Ik herinner me scherp hoe hij me kuste. Hoe hij smaakte naar bier en iets anders, naar mannelijkheid dacht ik toen. Ik herinner me hoe zijn tong naar binnen was geglipt en tegen mijn tanden aandrukte. ‘Je moet je mond open doen,’ fluisterde hij schor. Ik had al eerder gezoend, maar voelde me ineens versteend en onervaren.
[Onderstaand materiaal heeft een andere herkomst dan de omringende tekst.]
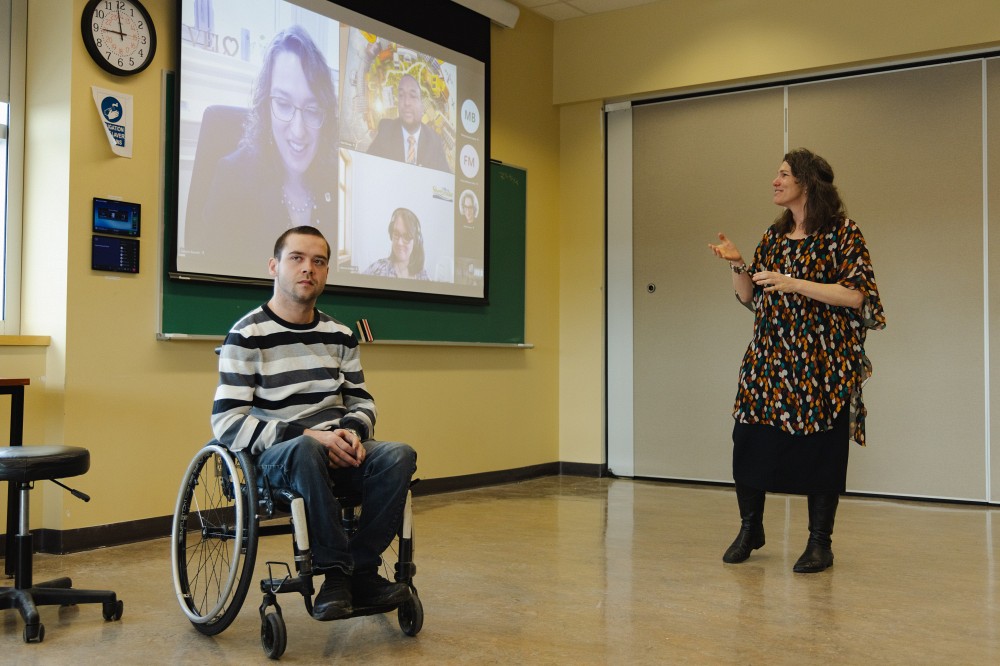 Les étudiantes et étudiants ont par la suite présenté leurs vidéos non seulement devant leurs collègues et professeure, mais aussi à la mairesse de Sherbrooke ainsi qu’à deux conseillers municipaux soucieux d’améliorer les aménagements des parcs de la ville. S’en est suivi une période de questions et d’échanges sur les intentions du conseil municipal en matière d’accessibilité universelle. La mairesse, qui dit rêver de travailler avec des spécialistes afin de concevoir un parc parfaitement accessible, a encouragé la communauté étudiante à contacter les élus afin de mettre en place d’autres activités de sensibilisation qui s’inscrivent dans le service à la communauté.

‘We hoeven het hier niet over te hebben,’ zeg ik. ‘Het is lang geleden.’
Ik hoor de bovenburen rommelen. Voetstappen boven mijn hoofd.
‘Denk je dat het anders had kunnen lopen tussen ons?’ vraagt Sebas. ‘Als je niet ziek was geworden? Denk je dat we dan nog samen waren geweest?’
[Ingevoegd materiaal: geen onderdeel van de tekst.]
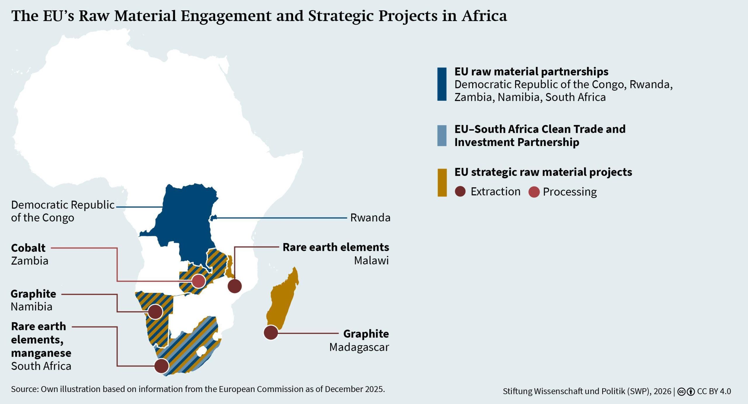 While development-oriented instruments are well suited to deliver on govern­ance, sustainability and capacity-building objectives, they are less effective in mobilis­ing CRM investment and accelerating indus­trial projects, which is what African part­ners are expecting. To help close this gap, the EU has started launching its strategic raw material projects. The first such projects were announced in 2025, including five in Africa (not all of which are partnership countries). They are intended to strengthen links between African producers and Euro­pean industry. As Figure 1 shows, they com­prise four mining projects (in Madagascar, Malawi, Namibia and South Africa) and one refining project (in Zambia) and cover five of the CRMs included in the 2024 EU’s list of 13 strategic raw materials.

Ik zwijg even. Ik weet niet hoe ik dit soort vragen moet beantwoorden. Hij legt een hand op mijn schouder en geeft mij een zacht kneepje.
‘Je was ineens ziek,’ zegt hij dan. ‘Je was gezond en toen werd je ziek. Zonder duidelijke aanleiding, zonder diagnose. Ik wist niet wat ik tegen anderen moest zeggen, niemand begreep het.’ Tot mijn verbazing slaat hij zijn hand voor zijn gezicht en begint te huilen. Zijn zachte snikken gaan langzaam over in diepe, overdreven uithalen. Hij klinkt als een overstuur kind.
Ik blijf roerloos zitten en wacht tot het over is. Ik denk aan de kerstbomen, de geur van verrot hout en vuur. De snikhete zomer vol seks en genot. Het jaar erna, de ziekenhuisbezoeken en vage verhalen. ‘Misschien moet je er maar mee leren leven,’ zei een arts.
Later hadden ze de autoantistoffen gevonden. En nog veel later zou ik genezen.
Sebas snikt. Een droge, holle snik; als een naschok. Hij buigt naar voren en drukt zijn lippen tegen de mijne. Ik houd me stil. Proef het zout van zijn tranen. Bal mijn hand tot een vuist.